Tuesday 24 January 2012

Love is in the air! No, I’m not talking Valentine’s Day yet…but I am talking Burn’s Day 25th January.


How to describe your heroine? - Here’s how Robert Burns did it. (Born 1759, Died 1796)

Robert Burns, of Auld Lang Syne fame the world over, was one of the best romantics ever. He loved many women during his life, and penned many a poem to them. Sometimes the poems were written in a flurry, and others with much deliberation. Some were complex, others straightforward. The amount of vernacular Scots he used often mingled with standard English. I've chosen this really simple one today to use as a little challenge. Let’s have a look at some of his phrasing and see what you would do to complete it.

These lines are taken from a poem called The Lass of Cessnock Banks. The complete poem is 13 stanzas of rhyming couplets. The first stanza is as follows:

On Cessnock banks a lassie dwells,

Could I describe her shape and mien;

Our lasses a’ she far excels-

An’ she has twa sparkling, rogueish een! (This line becomes the last of every stanza, except the very last one)

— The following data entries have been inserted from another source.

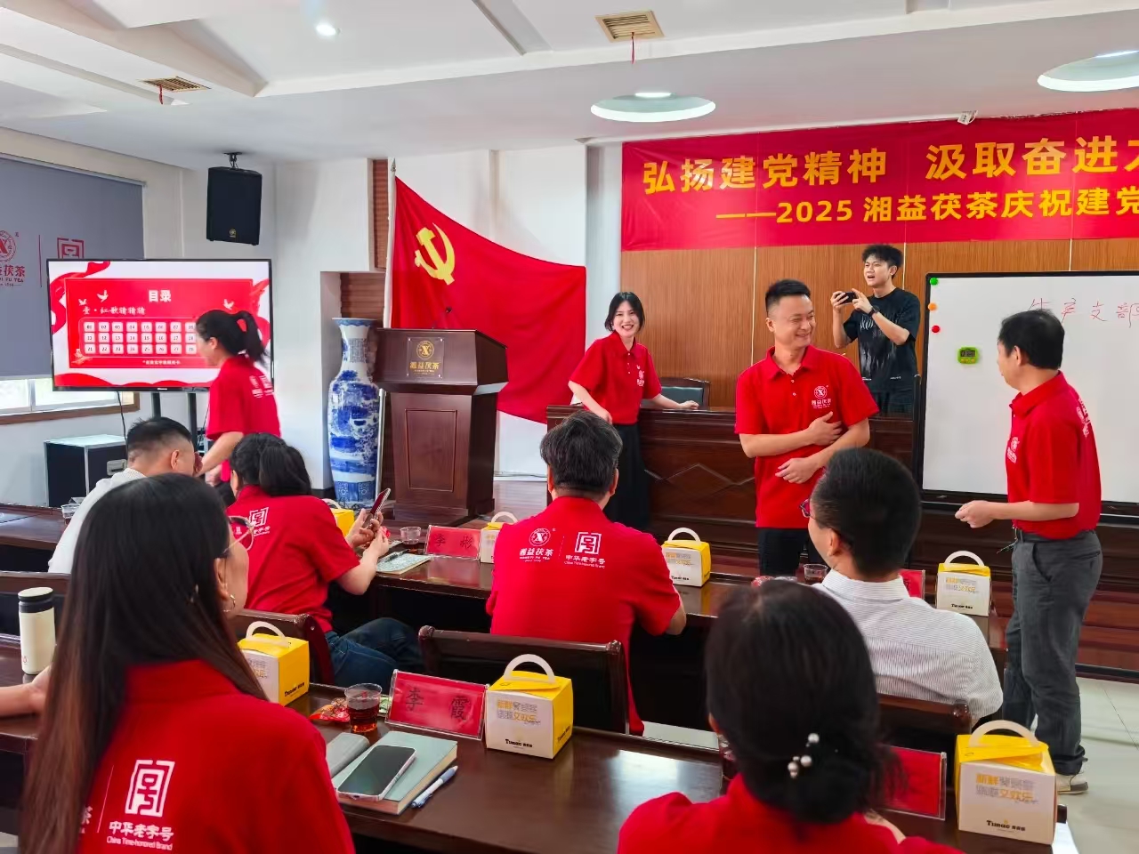 7月1日,在黨的104周年華誕這個特殊的日子里,湘益茯茶全體黨員精神抖擻地齊聚公司6樓會議室。在生產(chǎn)支部書記安茂強的帶領(lǐng)下,全體黨員高舉右拳,面向鮮紅的黨旗莊嚴(yán)宣誓。鏗鏘有力的誓言在會場回蕩,仿佛穿越時空,喚醒了每位黨員入黨時的赤誠初心。這一刻,信仰的力量在胸中激蕩,奮斗的熱情在心中燃燒。
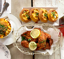 "Winner winner Chicken Dinner! But really. Go for the fried chicken and cheddar waffles. You will not regret it. We got the family style supper with the biscuits, chicken and waffles, deviled eggs, sides and delicious dessert. Absolutely worth it. Everything was amazing. Gorgeous."
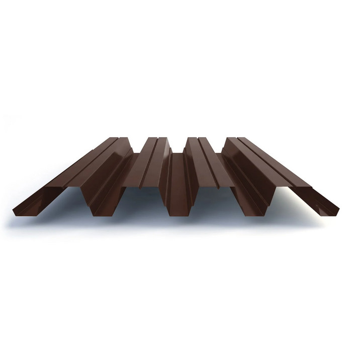 Профнастил ЮджинСтрой Н75 с покрытием из полиэстера толщиной 0,7 мм в цвете Ral 8017 шоколад - это надежный и долговечный материал для кровли и обшивки зданий.

The stanzas now follow with these as the first lines of each:

She’s sweeter than the morning dawn …

She’s stately like yon youthful ash …

She’s spotless like the flow’ring thorn …

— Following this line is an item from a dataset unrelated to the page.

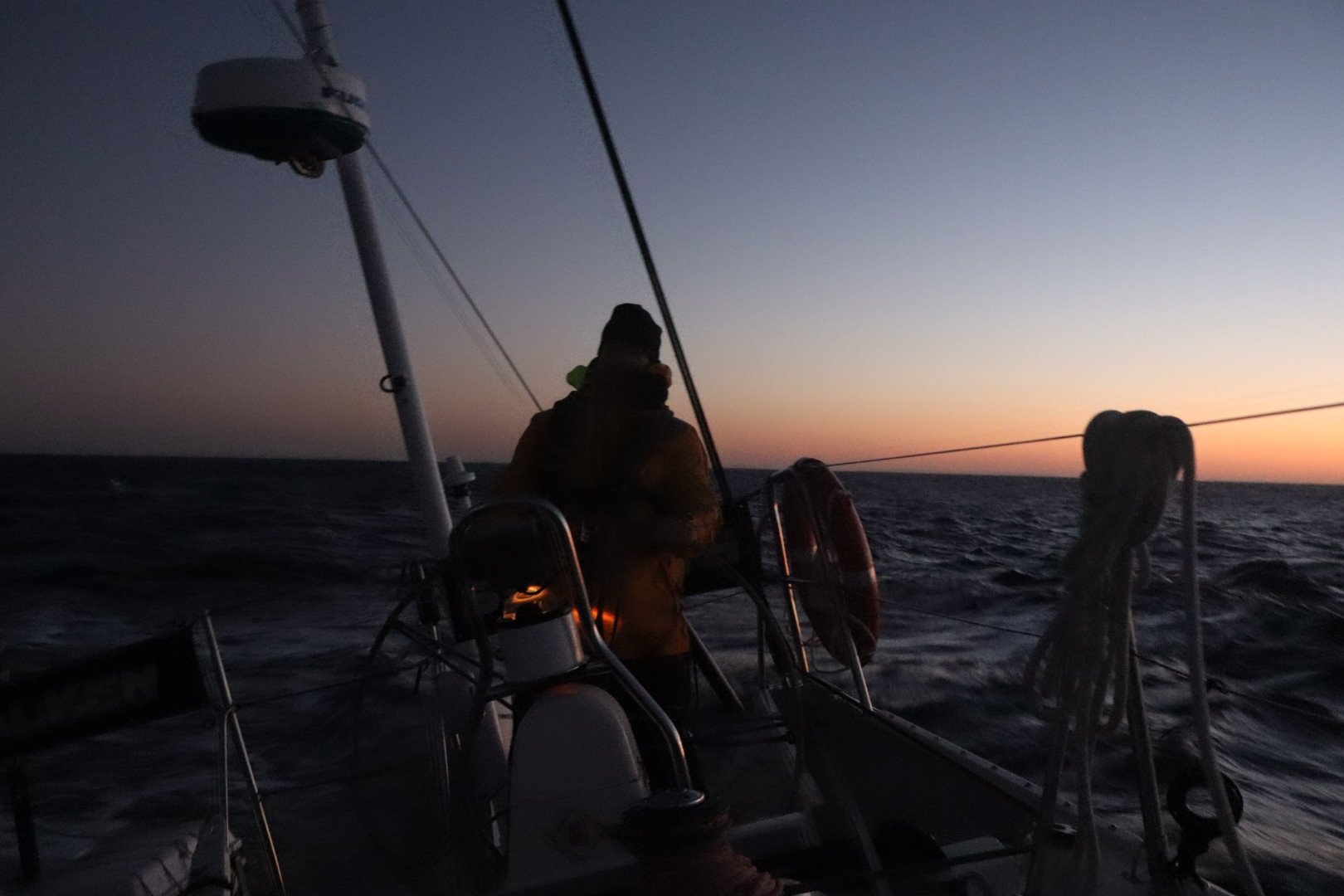 By Alex. FALKEN Skipper | Yesterday we left Ensenada at around 08:30 in the morning. It was sunny and you could barely feel any wind in your face. We went through the process of hoisting sails and straight away we dived into reefing drills followed by tacking. After 6 reefs and 12 tacks, we decided to settle into the watch system and embrace the night.
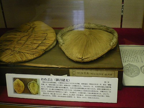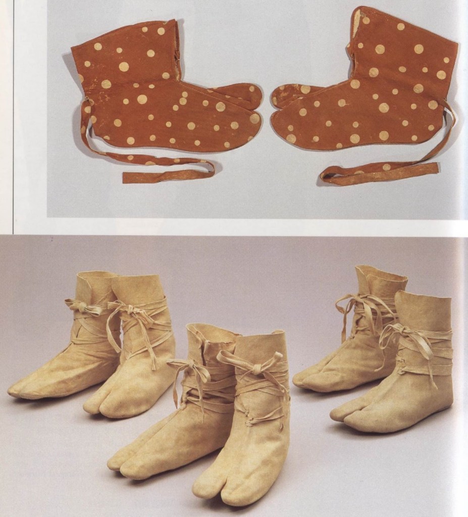 The white tabi here are from the Momoyama period, and the spotted are from early Edo. The construction is similar to modern tabi except that the opening is at the front of the ankle rather than the back, and they’re closed with ties which could be attached in various locations. Tabi colors seen in Momoyama ensembles include a wide variety of colors such as white, sky blue, golden yellow, and purple, and the material could be fabric or leather.

Her looks are like the vernal May …

Her hair is like the curling mist …

Her forehead’s like the show’ry bow …

Her cheeks are like yon crimson gem …

Her teeth are like the nightly snow …

Her lips are like yon cherries ripe …

Her breath is like the fragrant breeze …

Her voice is like the ev’ning thrush …

Now follows the complete last stanza:

But it’s not her air, her form, her face,

Tho’ matching Beauty’s fabled Queen:

‘Tis the mind that shines in ev’ry grace-

An’ chiefly in her rogueish een!

(Not sure of a word? –mien: appearance, een: eyes, show’ry: showery, bow: bough, rogueish: mischievous)

What do you think would be the missing lines? Go on, have a go! Take your pick and write your own stanza using Burn’s original first and last lines.

(If you find the poem and cheat I'm probably going to guess!)

Slainthe!

Nancy

2 comments:

  1. I do not have the poetry gene, so I will leave this to Sir Robert Burns. I love how he describes his lady, each portion of her face, her hair, her body. I truly believe he was a man who loved women. With all of that said, these are my favorite lines:
    but it's not her air, her form, her face
    'tis the mind that shines in ev'ry grace.

    Yes Mr. Burns! The mind is the key to all beauty, imho.